I pass over the “Sword of Honor” trilogy not to dismiss it but because I haven’t read it since the 1980s. At the time, it was more something I felt I ought to enjoy than something I enjoyed. Next reading of it will discover either the rightness or the immaturity of my judgment, probably the latter. But Brideshead strikes me as perhaps his greatest work. Critics would find it easier to grant its merits were it not so amenable to film treatment. Yes, it plays on the sentiments, but so do many deep and necessary things. In its ambitions, it may be the least sentimental of Waugh’s novels, showing him engaged in the affairs of the world as none of his other books do. Here I mean his correct intuition that World War II, even if England won it, would wipe out all that he most loved in his native culture.

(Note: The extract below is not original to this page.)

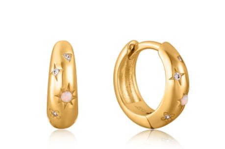 Add some celestial inspired sparkle to your earring stack with these "Starry" opal huggie hoops from our Ania Haie line. These chunky tapered hoops feature white CZ stones and a Kyoto Opal set in a scattered star pattern. Huggie hoops fit close to the ear making them perfect for layering/multiple piercings. Hinge closure.

That wipeout is the reason it’s hard to name any contemporary influenced directly by Waugh as a writer. (You dispensed nicely enough with the ear trumpets, monocles, walking sticks, and other affectations on Tuesday.) That’s because the world of broad, intimate, and highly formalized social relationship on which tightly plotted novels rest—a world in which the same shoeshine boy outside the Albany, for instance, could plausibly shine the shoes of the prime minister, a press baron, and a young novelist on the make in the same afternoon—has vanished. It is Jonathan Franzen who has most eloquently lamented its passing. (And you will remember, from our “Book Club” of September 2001, that The Corrections features two mentally disturbed characters wandering Pinfold-like around a cruise ship—even if he has Alzheimer’s and she is ingesting drugs rather than withdrawing from them.)

It is not just the social texture of Waugh’s work that is impossible to reproduce today but also his particular perspective on it. His brand of wordplay and humor rests on easily understood common cultural referents. These are harder to come by in a television-diluted literary market in a democratic age in an international economy. What does the average non–English major make of the bowdlerizations of Burns and Yeats with which Whispering Glades is strewn? Or the oddly placed hymn-quoting by Uncle Theodore at the beginning and end of Scoop? A lot will have to be undone before any modern writer is capable of taking Waugh’s tutelage. Waugh himself would certainly feel vindicated by that.

It has been a pleasure as always, Judith.